The Americans had no language in common with the Nungs, so they relied on hand signals and pidgin English of a rudimentary sort. This lack of clear communication added to the horror and confusion of the situations they often found themselves in when they encountered bad guys out in the middle of the vast tracts of wilderness where they were the aliens.

As a reader, I got a powerful sense that Moore’s narrative was entirely written from his own experience, not heard second hand. The book is filled with suspense and sudden bloodshed, and it seems a miracle that Moore survived the events he describes with so much powerful, evocative details  forty years later.

Throughout the book, I was impressed by Moore’s humanity and consideration of others, especially for the members of his team, the Nungs, but also for the Vietnamese who cleaned the hootches, polished the boots, did the laundry, and the like. Perhaps being raised in various countries around the world prior to his time in the Army explains this, or maybe Moore is just one of those very few Americans who are not ugly to those who are different from him in appearance and culture.

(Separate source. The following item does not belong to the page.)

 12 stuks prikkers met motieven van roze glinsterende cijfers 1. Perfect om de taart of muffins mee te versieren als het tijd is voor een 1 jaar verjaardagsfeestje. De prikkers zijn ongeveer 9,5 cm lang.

Whatever the reasons, this humanity sets this book apart. I grew to like the narrator a lot, especially his self-deprecating attitude and his honesty about everything, even about getting rank. As he states, rightly, in the highly stratified life of the military, rank does count.

John Rixey Moore

I also loved his recounting of his two R&R’s in Hong Kong. He spent his time in Hong Kong about the same way I did. Very quietly. He didn’t spend the time in bookstores as I did, but he did spend a lot of time riding the ferry.  He doesn’t mention the sign that advised against spitting and the penalty for doing so, but I totally believe he put in a lot of time on the ferry.

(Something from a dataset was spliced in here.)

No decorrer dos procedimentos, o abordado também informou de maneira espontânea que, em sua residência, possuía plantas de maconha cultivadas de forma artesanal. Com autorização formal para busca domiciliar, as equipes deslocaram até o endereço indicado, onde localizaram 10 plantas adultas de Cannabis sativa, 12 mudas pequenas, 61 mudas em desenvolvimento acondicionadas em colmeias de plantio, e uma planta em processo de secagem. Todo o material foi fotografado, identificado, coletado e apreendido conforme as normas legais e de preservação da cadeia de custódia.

Only once in this book of incredible derring-do, did I doubt the narrator and wonder what went wrong.  That is in the passage when he enters the clubhouse and says he heard Jeanie C. Riley yelping “Ode to Billy Joe.”  Riley’s hit was “Harper Valley P.T.A.”  Bobbie Gentry had the hit on “Ode to Bill Joe, ” and she did not yelp it.  Also it is “Jeannie” not Jeanie” and “Billie Joe, ” not Billy Joe.”

I apologize for being such a nit-picker, but there it is. Either or both of these songs could have been on that jukebox in Vietnam when Moore was there.  I suggest that his memory conflated these two songs. Memory can do that forty years later.

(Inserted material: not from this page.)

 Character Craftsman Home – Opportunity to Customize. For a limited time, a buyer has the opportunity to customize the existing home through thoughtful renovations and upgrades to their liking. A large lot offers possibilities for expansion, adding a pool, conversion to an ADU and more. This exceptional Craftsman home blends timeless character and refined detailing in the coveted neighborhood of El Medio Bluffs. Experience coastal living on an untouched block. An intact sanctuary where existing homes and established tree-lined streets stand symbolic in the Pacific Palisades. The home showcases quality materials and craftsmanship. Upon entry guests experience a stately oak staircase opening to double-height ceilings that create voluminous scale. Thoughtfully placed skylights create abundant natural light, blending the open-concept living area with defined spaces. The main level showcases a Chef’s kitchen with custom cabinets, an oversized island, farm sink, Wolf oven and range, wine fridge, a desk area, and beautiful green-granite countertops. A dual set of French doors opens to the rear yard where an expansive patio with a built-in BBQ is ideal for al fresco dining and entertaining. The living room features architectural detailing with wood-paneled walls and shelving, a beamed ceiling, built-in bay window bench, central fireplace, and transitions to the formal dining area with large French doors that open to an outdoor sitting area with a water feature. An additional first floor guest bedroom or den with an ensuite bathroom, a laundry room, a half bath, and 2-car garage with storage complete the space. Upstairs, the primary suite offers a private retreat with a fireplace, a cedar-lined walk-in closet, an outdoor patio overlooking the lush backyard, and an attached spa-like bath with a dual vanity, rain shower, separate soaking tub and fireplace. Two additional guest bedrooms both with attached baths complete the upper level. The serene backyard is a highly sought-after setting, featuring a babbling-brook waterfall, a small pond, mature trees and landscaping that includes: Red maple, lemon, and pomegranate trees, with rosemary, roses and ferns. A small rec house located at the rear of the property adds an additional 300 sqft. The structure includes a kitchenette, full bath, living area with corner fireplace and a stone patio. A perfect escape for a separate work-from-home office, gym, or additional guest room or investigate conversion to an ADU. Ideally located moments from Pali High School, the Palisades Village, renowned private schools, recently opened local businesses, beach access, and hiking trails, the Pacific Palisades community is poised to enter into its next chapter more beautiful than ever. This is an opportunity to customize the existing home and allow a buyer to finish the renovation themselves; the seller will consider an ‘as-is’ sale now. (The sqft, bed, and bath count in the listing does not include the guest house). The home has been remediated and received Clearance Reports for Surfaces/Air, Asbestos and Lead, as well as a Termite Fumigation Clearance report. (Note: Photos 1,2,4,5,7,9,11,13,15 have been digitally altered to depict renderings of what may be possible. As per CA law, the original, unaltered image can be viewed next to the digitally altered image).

A reader can become drunk with the words in this book as they leave the page and enter the mind. It is so densely written and packed with action that it demands multiple readings. I’ve read many of the pages several times to savor the writing and the suspense.

I am going to buy multiple copies of this book and give them to friends as late Christmas presents. Moore’s prose envelopes the reader and takes him out of his world into a scary one, “a sclerotic black festival of brutal unknowns, ” where dead men rise up out of “feculent excremental sludge.”

Read this book, you’ll be, as John Moore puts it, “transfixed, like kittens in a box.”